*** Provided entries

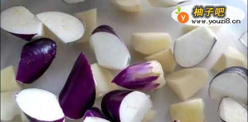 食材切成块状后,将马铃薯与茄子泡入盐水中(只要1小匙盐)
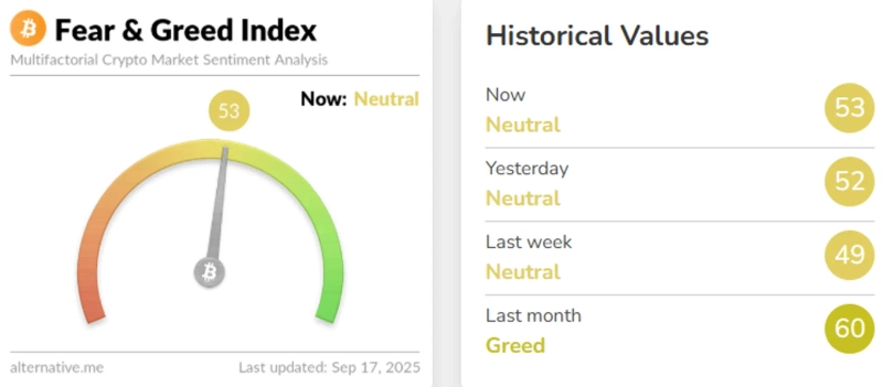 On the 17th (local time), the Fear & Greed Index provided by virtual asset analysis firm Alternative was 53 out of 100, remaining in the 'neutral' stage. The index rose by 1 point from the previous day (52 points), showing a slight recovery in market sentiment.
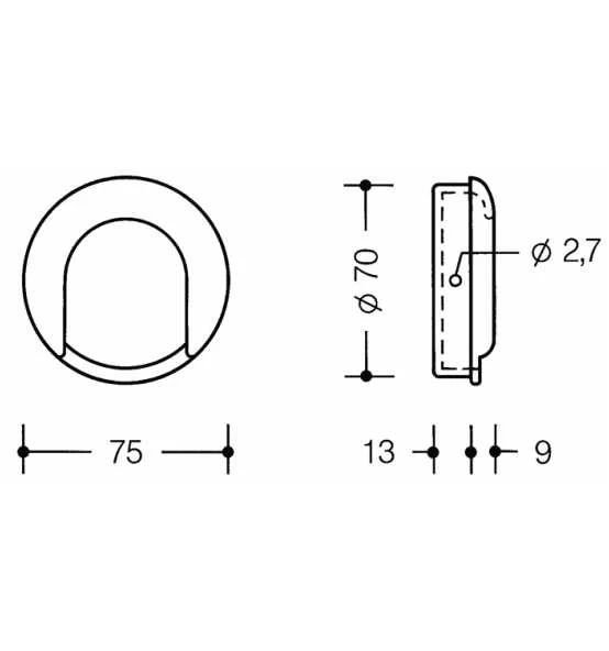 aus durchgefärbtem, mattem Polyamid · Durchmesser 75 mm, 22 mm hoch · Einlasstiefe 13 mm · mit Griffmulde von unten offen Weitere technische Eigenschaften: · Oberfläche: 90 tiefschwarz
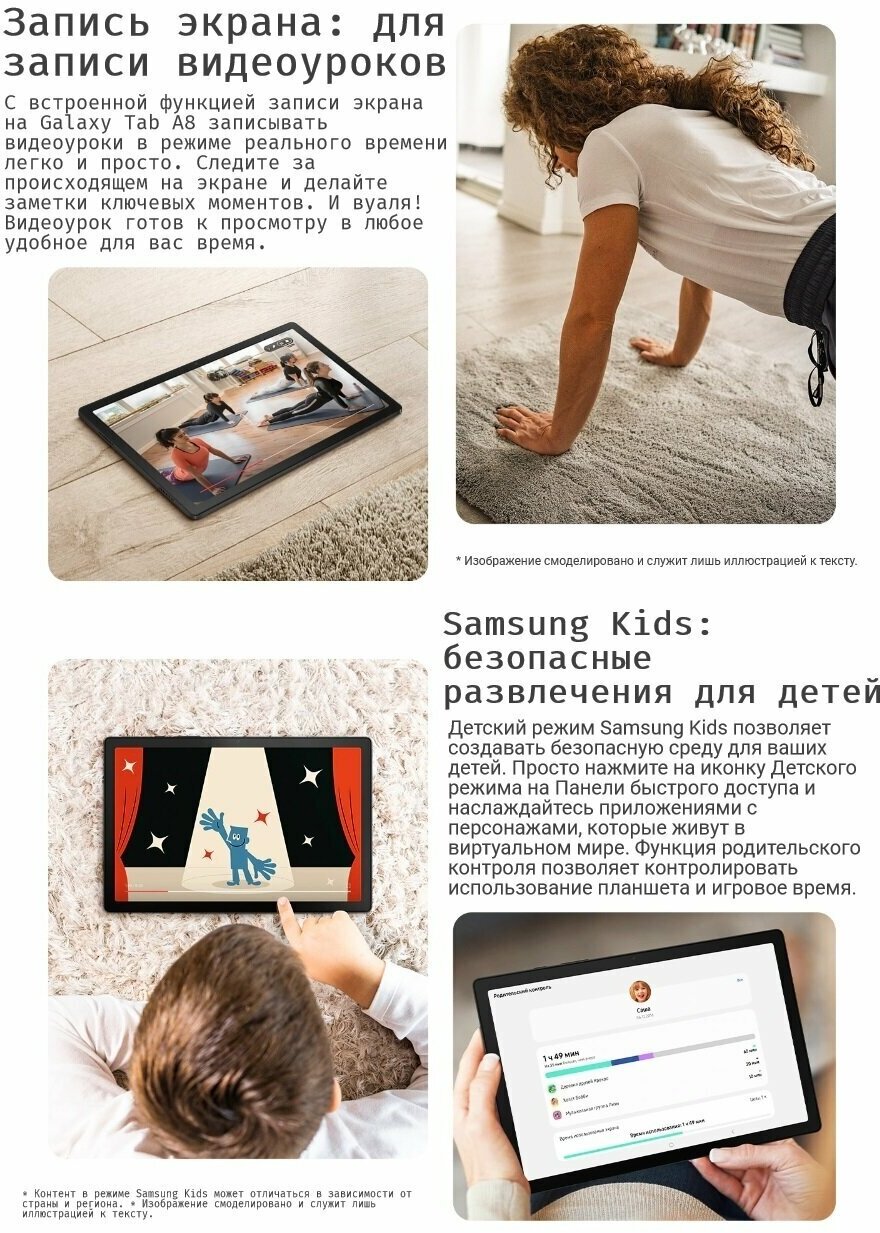 10.5" Планшет Samsung Galaxy Tab A8 (2021), RU, 4/64 ГБ, Wi-Fi, Android 11, темно-серый
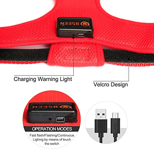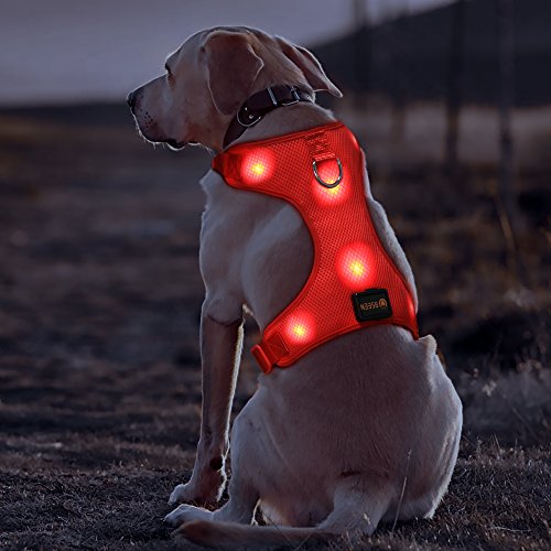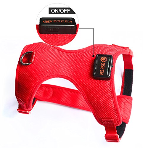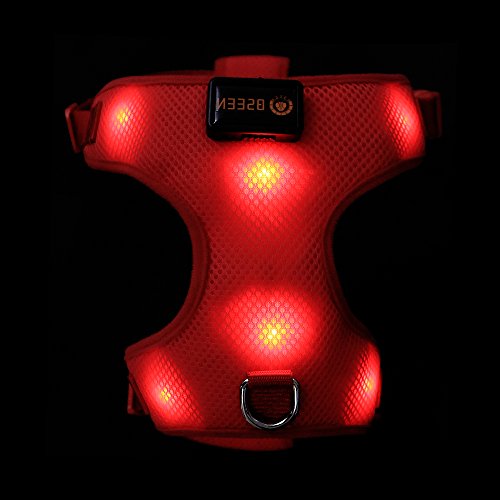 Features: ? Ultra soft and highly durable dog harness made from Non-Toxic Meshing and Polyester. ? Innovative No-Choke Design Protects Pet's Fragile Trachea and Throat with Extra Plush Piping Around the Neck Opening. ? Great for walking, running and all outdoor activities, hugs the dog with a flexible Air-Mesh which maintains your Dog's natural movements. ? Adjustable belt, double stitched around a reinforced anchor hook, and quick release clasps. ?The LED make pets be safe and be seen walk to avoid some potential traffic dangers in the dark. ?USB Rechargeable charging 2 hours could last for 8 hours for blink model or 3 hours steady glow.
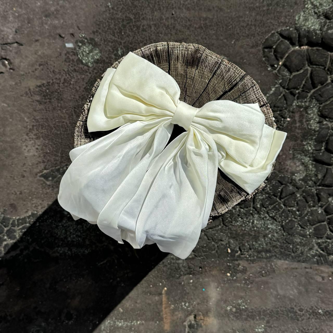 Заколка-автомат для волосся бант довгий молочний зі стрічками
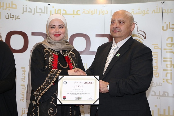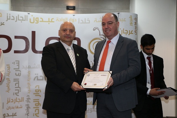 كما عبر رائد حماده عن جزيل شكره وتقديره لغرفة تجارة عمان ولكافة الهيئات الرسمية والمؤسسات والمدارس والجامعات الذين استضافوا المبادرة وكثفوا جهودهم لجمع التهاني وقدم لهم شهادات التكريم تقديراً لجهودهم الكبيره.
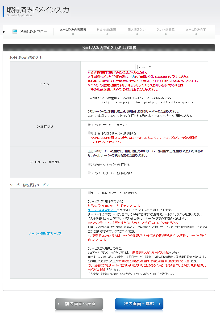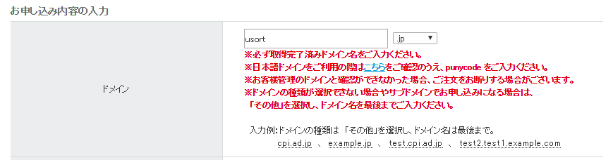 取得済みドメイン入力 の画面になります。ここで、取得済みのドメイン名を入れますがサポートに聞いたところ
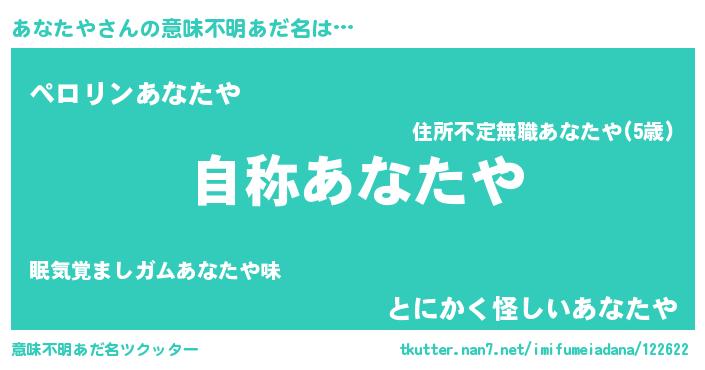 | ヒーロー風カッコイイあだ名 | 『ウルトラ戦士アナタヤ』『銀牙騎士アナ』 |
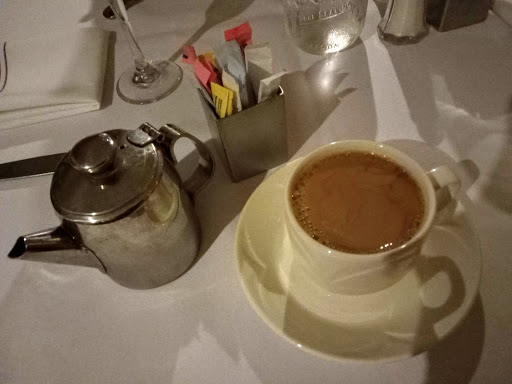 Very fine ambiance since Chelseas is located aboard the grand old Queen Mary, long retired in Long Beach harbour. Service is great and staff are very accommodating. The shrimp cocktail shrimp are massive! I had the Chicken Carbonara which is a delightful mix of grilled chicken and ravioli in a white wine sauce with peas, tomatoes and bacon bits. A nice experience all around.
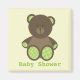Ein Baby-Duschfavorit-Magnet mit der Abbildung eines braunen gestopften Bären mit grünen Gingham Ohren und Pfoten. Im grünen Text steht "Baby Shower". Suchen Sie nach passenden Einladungen, Porto, Aufklebern und mehr in Jill's Paperie.
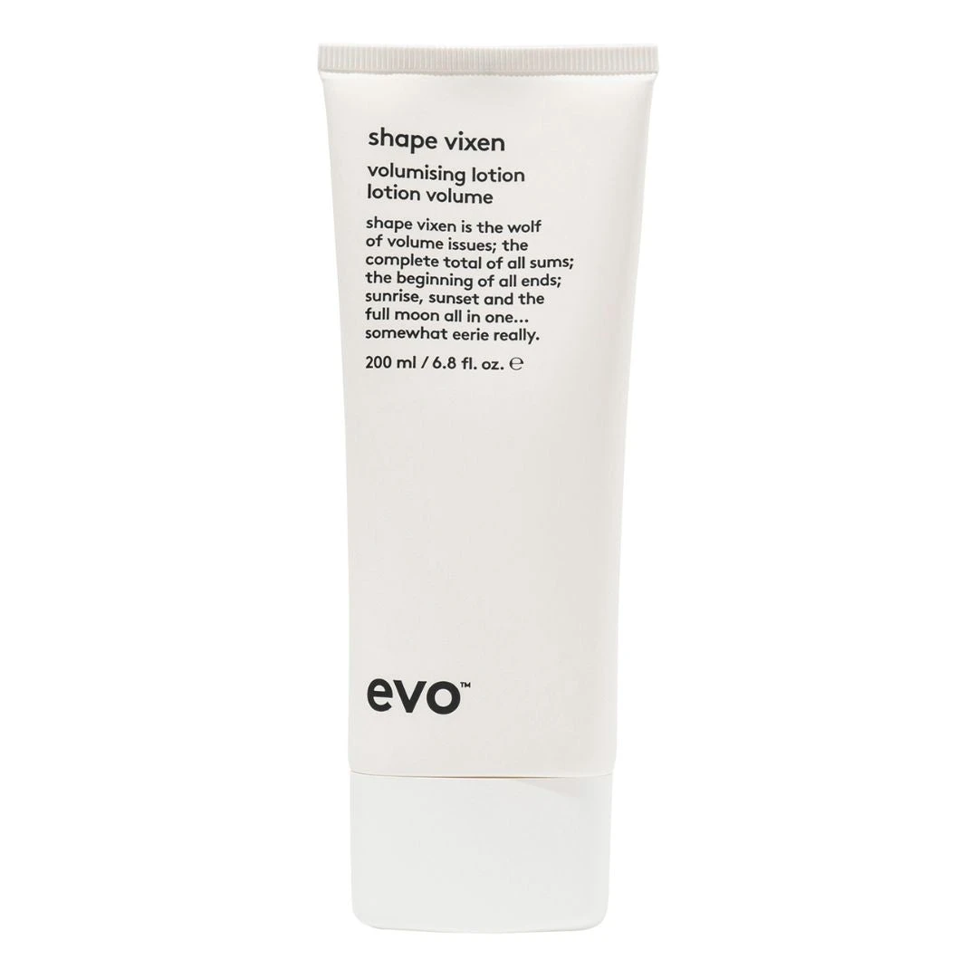 evo Shape Vixen Volumizing Lotion enhances fullness, style support and shape memory, helping to maximise body in finer hair. this hair styling lotion offers humidity resistance, helping to reduce frizz while boosting volume. Added hydrolyzed quinoa helps to strengthen and protect fragile hair while enhancing colour vibrancy.Â
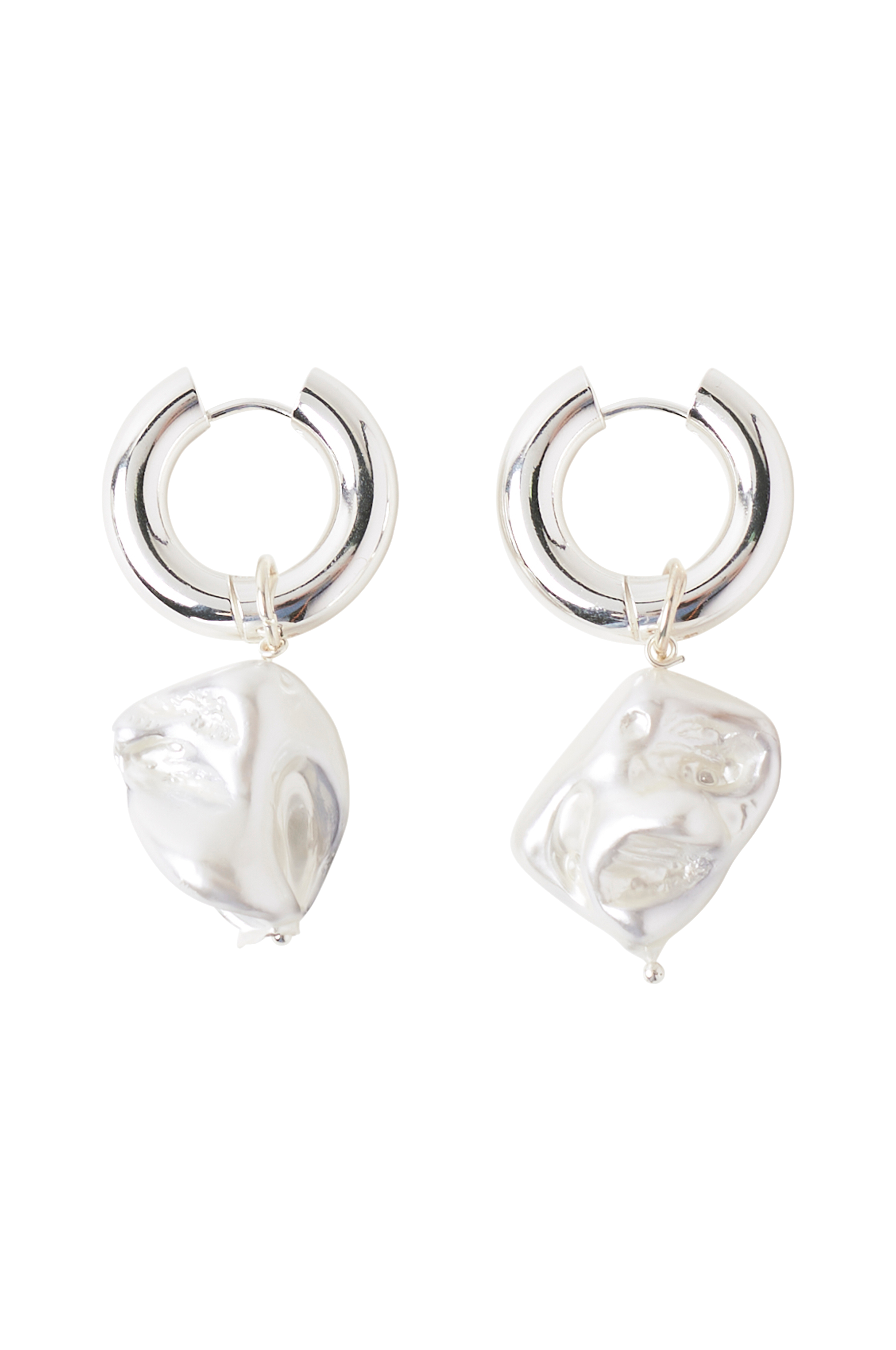Örhängen utformade med en pärla som sitter fast på en tjockare creol i silver. Tillverkade av silverpläterad stål. Nickeltestade. Bredd: ca 2 cm. Längd: ca 4 cm.
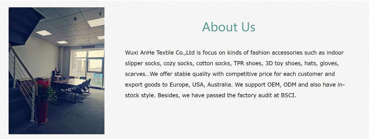 Wuxi AnHe Textile Co.,Ltd is focus on kinds of fashion accessories such as indoor slipper socks, cozy socks, cotton socks, TPR shoes, 3D toy shoes, hats, gloves, scarves…We offer stable quality with competitive price for each
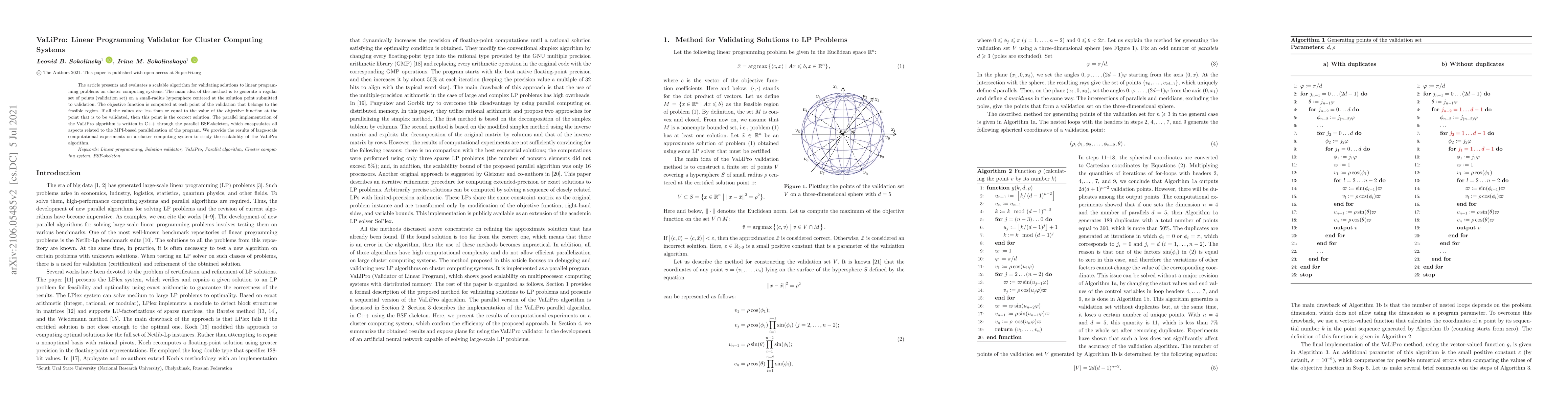 The VaLiPro algorithm validates solutions of linear programming problems on cluster systems by generating a validation set on a hypersphere around the solution. The algorithm's scalability and effectiveness are demonstrated through parallel implementation in C++ and extensive computational experiments on a cluster.
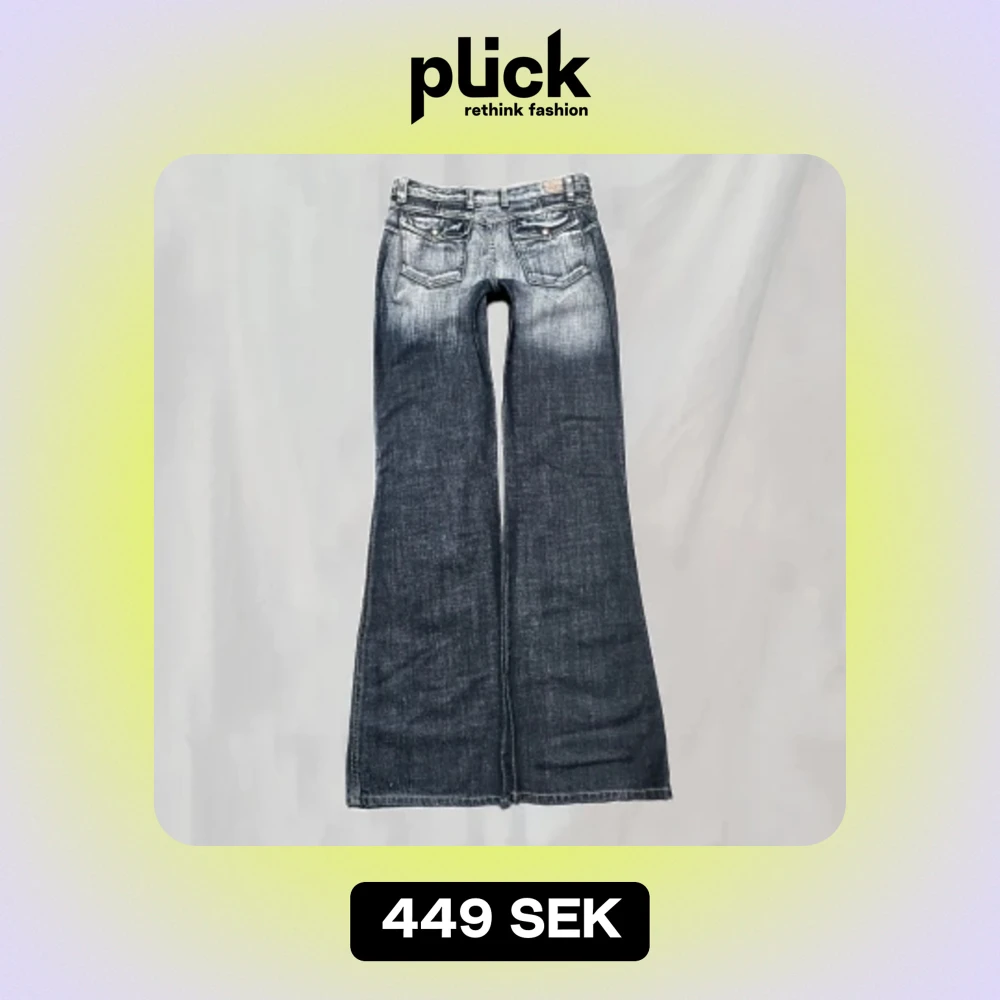 Midja: 71 innerben: 85 Jeans med vida ben och detaljerade bakfickor. Storlek w27 men skulle tro att de är lite mindre i storlek vad gäller midjan(använd mått). Skulle säga midwaist. Eventuellt ytterst smått nötta men överlag så gott som nyskick!🤍

******

> **Task objective**
Your answer must contain the full data, repeated exactly, without pictures.

> **Exercise output**
 食材切成块状后,将马铃薯与茄子泡入盐水中(只要1小匙盐)
 On the 17th (local time), the Fear & Greed Index provided by virtual asset analysis firm Alternative was 53 out of 100, remaining in the 'neutral' stage. The index rose by 1 point from the previous day (52 points), showing a slight recovery in market sentiment.
 aus durchgefärbtem, mattem Polyamid · Durchmesser 75 mm, 22 mm hoch · Einlasstiefe 13 mm · mit Griffmulde von unten offen Weitere technische Eigenschaften: · Oberfläche: 90 tiefschwarz
 10.5" Планшет Samsung Galaxy Tab A8 (2021), RU, 4/64 ГБ, Wi-Fi, Android 11, темно-серый
 Features: ? Ultra soft and highly durable dog harness made from Non-Toxic Meshing and Polyester. ? Innovative No-Choke Design Protects Pet's Fragile Trachea and Throat with Extra Plush Piping Around the Neck Opening. ? Great for walking, running and all outdoor activities, hugs the dog with a flexible Air-Mesh which maintains your Dog's natural movements. ? Adjustable belt, double stitched around a reinforced anchor hook, and quick release clasps. ?The LED make pets be safe and be seen walk to avoid some potential traffic dangers in the dark. ?USB Rechargeable charging 2 hours could last for 8 hours for blink model or 3 hours steady glow.
 Заколка-автомат для волосся бант довгий молочний зі стрічками
 كما عبر رائد حماده عن جزيل شكره وتقديره لغرفة تجارة عمان ولكافة الهيئات الرسمية والمؤسسات والمدارس والجامعات الذين استضافوا المبادرة وكثفوا جهودهم لجمع التهاني وقدم لهم شهادات التكريم تقديراً لجهودهم الكبيره.
 取得済みドメイン入力 の画面になります。ここで、取得済みのドメイン名を入れますがサポートに聞いたところ
 | ヒーロー風カッコイイあだ名 | 『ウルトラ戦士アナタヤ』『銀牙騎士アナ』 |
 Very fine ambiance since Chelseas is located aboard the grand old Queen Mary, long retired in Long Beach harbour. Service is great and staff are very accommodating. The shrimp cocktail shrimp are massive! I had the Chicken Carbonara which is a delightful mix of grilled chicken and ravioli in a white wine sauce with peas, tomatoes and bacon bits. A nice experience all around.
Ein Baby-Duschfavorit-Magnet mit der Abbildung eines braunen gestopften Bären mit grünen Gingham Ohren und Pfoten. Im grünen Text steht "Baby Shower". Suchen Sie nach passenden Einladungen, Porto, Aufklebern und mehr in Jill's Paperie.
 evo Shape Vixen Volumizing Lotion enhances fullness, style support and shape memory, helping to maximise body in finer hair. this hair styling lotion offers humidity resistance, helping to reduce frizz while boosting volume. Added hydrolyzed quinoa helps to strengthen and protect fragile hair while enhancing colour vibrancy.Â
Örhängen utformade med en pärla som sitter fast på en tjockare creol i silver. Tillverkade av silverpläterad stål. Nickeltestade. Bredd: ca 2 cm. Längd: ca 4 cm.
 Wuxi AnHe Textile Co.,Ltd is focus on kinds of fashion accessories such as indoor slipper socks, cozy socks, cotton socks, TPR shoes, 3D toy shoes, hats, gloves, scarves…We offer stable quality with competitive price for each
 The VaLiPro algorithm validates solutions of linear programming problems on cluster systems by generating a validation set on a hypersphere around the solution. The algorithm's scalability and effectiveness are demonstrated through parallel implementation in C++ and extensive computational experiments on a cluster.
 Midja: 71 innerben: 85 Jeans med vida ben och detaljerade bakfickor. Storlek w27 men skulle tro att de är lite mindre i storlek vad gäller midjan(använd mått). Skulle säga midwaist. Eventuellt ytterst smått nötta men överlag så gott som nyskick!🤍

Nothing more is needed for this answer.